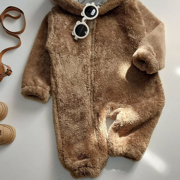 سرهمی پاییز/زمستونی تدی پشمالو گرم و نرم شکلاتی رنگ
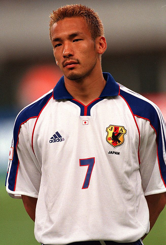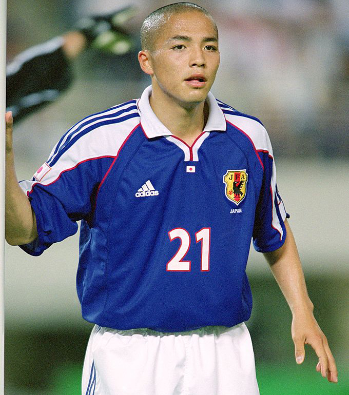 胸元の日の丸が特徴的なadidas製2001年モデルのホームキット。2000年アジアカップや1999年ワールドユースなどで着用した1999-2001モデルと、2002ワールドカップで着用した2002-03モデルの間に挟まれ、短期間の使用に終わったユニフォームだった。小野伸二は全試合に先発で出場した。
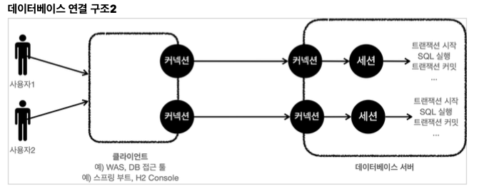 -> 이때 데이터베이스는 내부에 세션이라는 것을 만들어서 해당 커넥션을 통한 모든 요청은 이 세션을 통해 실행
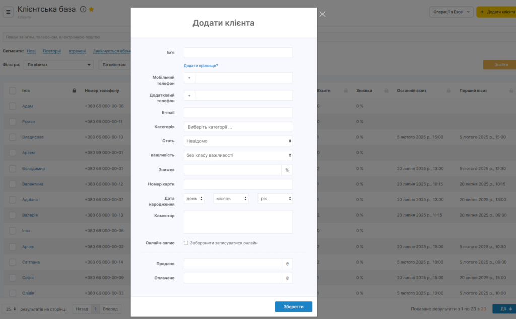 У розділі Клієнти > Клієнтська база ви можете додати нового клієнта вручну або завантажити список клієнтів із таблиці Excel (докладніше про це читайте тут).
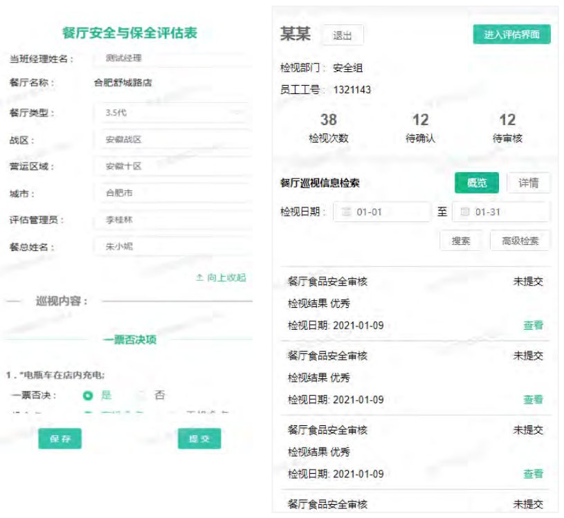为了切实有效地把控以及改善门店(餐厅)的经营管理状态,推出了巡检日志系统。配合国家和市场对于餐厅经营的要求,陆续推出了餐厅现场综合评估检查、餐厅人员资质评估检查、餐厅安全与保全评估检查、安全审核检查、卫生检查等多项巡检评估检查内容,推动门店实施整改,实时监控巡检-整改-实施落实全流程。
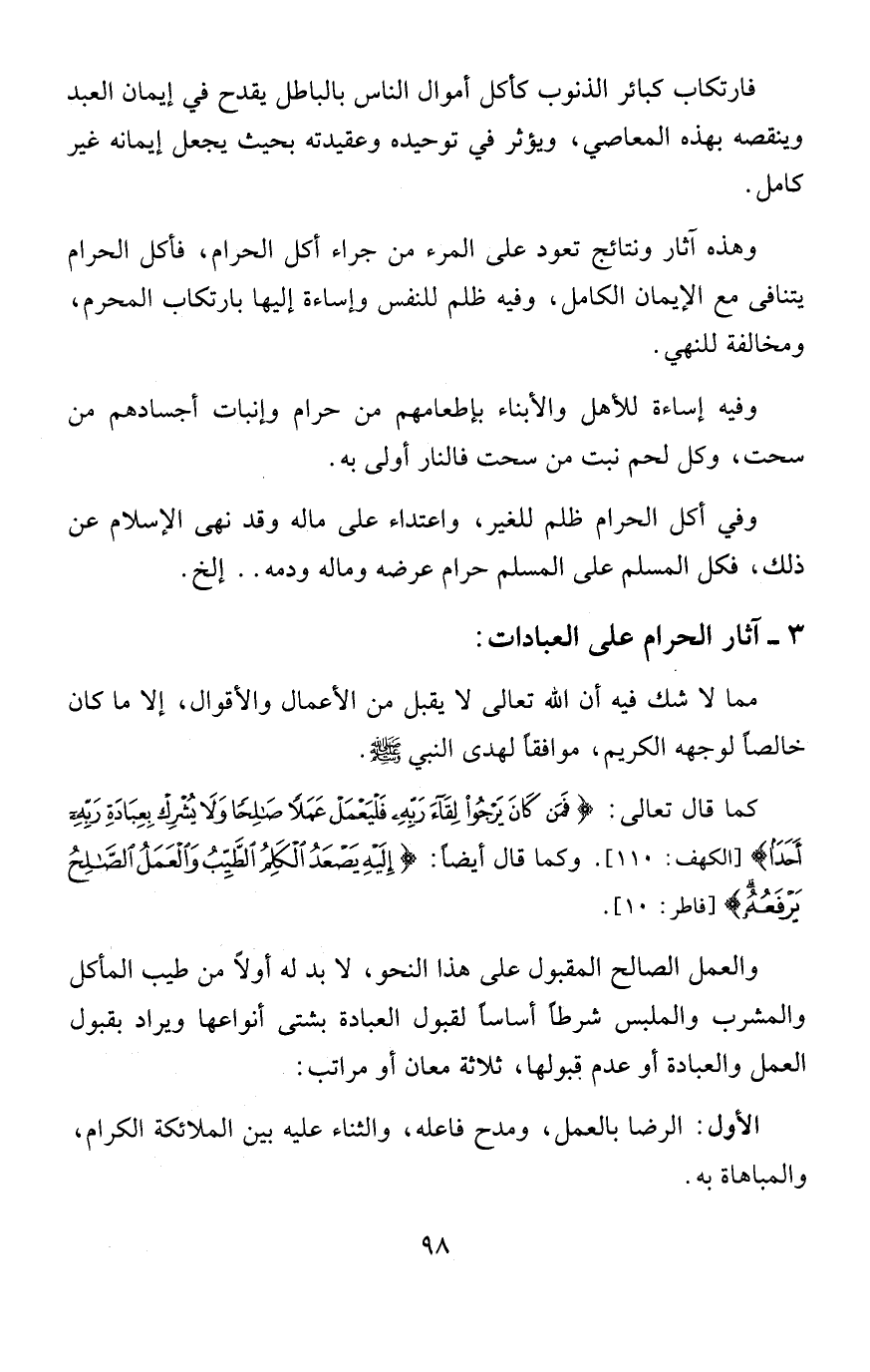 والعمل الصالح المقبول على هذا النحو، لا بد له أولاً من طيب المأكل والمشرب والملبس شرطاً أساساً لقبول العبادة بشتى أنواعها ويراد بقبول العمل والعبادة أو عدم قبولها، ثلاثة معان أو مراتب:
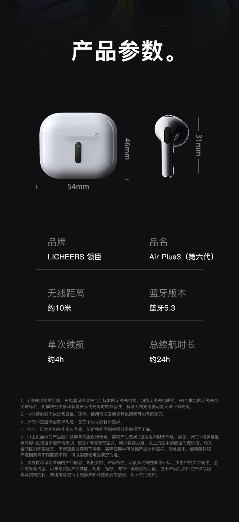 商品名称:LICHEERS/领臣入耳式第六代无线蓝牙耳机Air Plus3
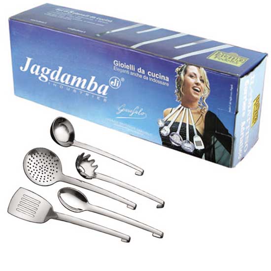 This set of kitchen tools consists of a ladle, skimmer, pasta server, basting spoon and turner. This five-piece kitchenware set features a mirror finish that adds a touch of elegance to your kitchen. This stylish and versatile set is an ideal cooking helper.
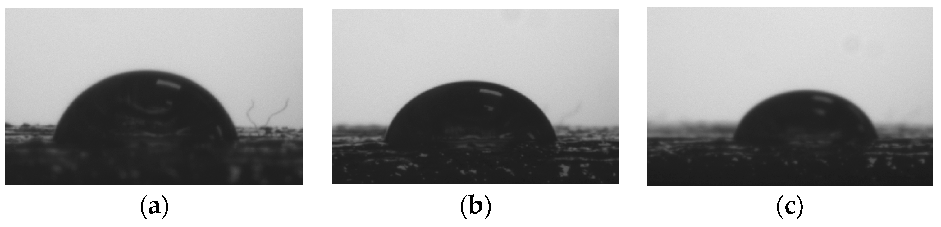 To examine the wettability alteration, the contact angle change is determined here using the Kruss DSA20E Easy Drop Goniometer. For this, the sandstone collected from an outcrop in Gujarat, India, is crushed finely into 100 mesh sizes and mixed with Bombay high crude with an API gravity of 43.6 to form a paste to mimic reservoir surface conditions. After making the surface, the contact angle change is examined over time using the mentioned equipment with droplets of fluid, such as DI water and synthesized silica nanofluid. The data obtained is shown in the below
--------
*About this task*
Set out the material once more, exact in every line, with no images.

*Task result*
 سرهمی پاییز/زمستونی تدی پشمالو گرم و نرم شکلاتی رنگ
 胸元の日の丸が特徴的なadidas製2001年モデルのホームキット。2000年アジアカップや1999年ワールドユースなどで着用した1999-2001モデルと、2002ワールドカップで着用した2002-03モデルの間に挟まれ、短期間の使用に終わったユニフォームだった。小野伸二は全試合に先発で出場した。
 -> 이때 데이터베이스는 내부에 세션이라는 것을 만들어서 해당 커넥션을 통한 모든 요청은 이 세션을 통해 실행
 У розділі Клієнти > Клієнтська база ви можете додати нового клієнта вручну або завантажити список клієнтів із таблиці Excel (докладніше про це читайте тут).
为了切实有效地把控以及改善门店(餐厅)的经营管理状态,推出了巡检日志系统。配合国家和市场对于餐厅经营的要求,陆续推出了餐厅现场综合评估检查、餐厅人员资质评估检查、餐厅安全与保全评估检查、安全审核检查、卫生检查等多项巡检评估检查内容,推动门店实施整改,实时监控巡检-整改-实施落实全流程。
 والعمل الصالح المقبول على هذا النحو، لا بد له أولاً من طيب المأكل والمشرب والملبس شرطاً أساساً لقبول العبادة بشتى أنواعها ويراد بقبول العمل والعبادة أو عدم قبولها، ثلاثة معان أو مراتب:
 商品名称:LICHEERS/领臣入耳式第六代无线蓝牙耳机Air Plus3
 This set of kitchen tools consists of a ladle, skimmer, pasta server, basting spoon and turner. This five-piece kitchenware set features a mirror finish that adds a touch of elegance to your kitchen. This stylish and versatile set is an ideal cooking helper.
 To examine the wettability alteration, the contact angle change is determined here using the Kruss DSA20E Easy Drop Goniometer. For this, the sandstone collected from an outcrop in Gujarat, India, is crushed finely into 100 mesh sizes and mixed with Bombay high crude with an API gravity of 43.6 to form a paste to mimic reservoir surface conditions. After making the surface, the contact angle change is examined over time using the mentioned equipment with droplets of fluid, such as DI water and synthesized silica nanofluid. The data obtained is shown in the below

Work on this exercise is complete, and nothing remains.